Qodo offers "an agentic code quality platform for reviewing, testing, and writing code," so it has an opinion on such matters.
For its report titled "The State of AI Code Quality 2025" – provided in advance to The Register – Qodo earlier this year conducted a survey of 609 developers using unspecified AI coding tools at a variety of organizations in different industries, ranging from startups to enterprises. A whopping 82 percent of the respondents said they use the tools at least weekly, and 78 percent reported productivity gains from them.
But lack of confidence is undercutting some of those gains.
"Overall, we're seeing that AI coding is a big net positive, but the gains aren’t evenly distributed," said Itamar Friedman, CEO and co-founder of Qodo in an email to The Register.
"There's a small minority of power users, who tend to be very experienced developers, who are seeing massive gains – these are the 10Xers. The majority of developers are seeing moderate gains, and there’s a group that’s failing to effectively leverage the current AI tools and is at risk of being left behind."
According to the survey, about 60 percent of developers said AI improved or somewhat improved overall code quality while about 20 percent said AI had degraded or somewhat degraded their code.
Friedman emphasized that not all developers interact with AI in the same way.
"Individual contributors may feel 3x better because they’re shipping more code, but tech leads, reviewers, and those responsible for overall code quality tend to experience more pressure," he explained. "For them, the increase in code volume means more review work, more oversight, and sometimes, more stress."

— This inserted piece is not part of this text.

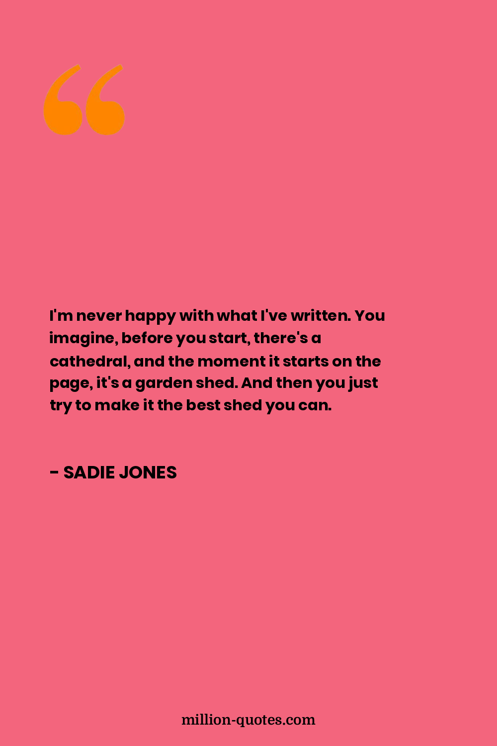 I'm never happy with what I've written. You imagine, before you start, there's a cathedral, and the moment it starts on the page, it's a garden shed. And then you just try to make it the best shed you can.

The concern was widespread enough that 76 percent of respondents said they won't ship AI suggested code without human review. They prefer to manually rewrite or review AI's suggestions, and delay merges even when AI-generated code looks correct. They also avoid deeper AI integration into their workflows.

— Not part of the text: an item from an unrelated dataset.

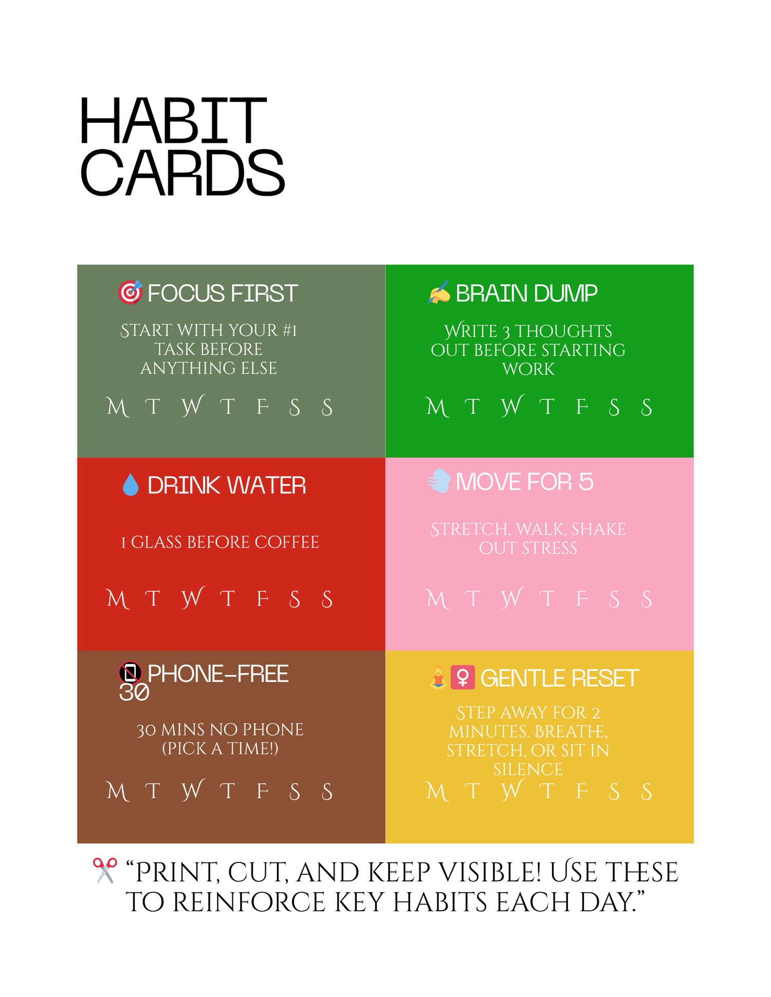 ✅ Bonus: 6 printable Habit Reinforcer Cards with mini trackers

That reticence comes at a cost, because code review is actually one of the things AI is good at, according to the survey. Among those devs reporting productivity gains from AI, 81 percent of those who use it for code reviews reported quality improvements, compared to just 55 percent of those who did code reviews manually.
"Models like Gemini 2.5 Pro are excellent judges of code quality and can provide a more accurate measure than traditional software engineering metrics," said Friedman.
"With the latest model releases, they are getting to the point where they are surpassing any large scale review that can be done by humans. To quantify this, we’ve built a public benchmark to evaluate model-generated pull requests and code changes against quality and completeness criteria."
- Trump administration's whole-government AI plans leaked on GitHub
- Altman fluffs superintelligence to save humanity as OpenAI slashes prices
- Mozilla frets about Google's push to build AI into Chrome
- As AI gallops through the federal workforce, lawmakers once again call for expanded training
About the trust thing
Developers have good reason for their distrust: About three-quarters of respondents encountered fairly frequent hallucinations - that is, situations in which the AI made syntax errors or called packages that don't exist.
"In our survey, only about a quarter of developers reported that hallucinations were a rare occurrence," Friedman said.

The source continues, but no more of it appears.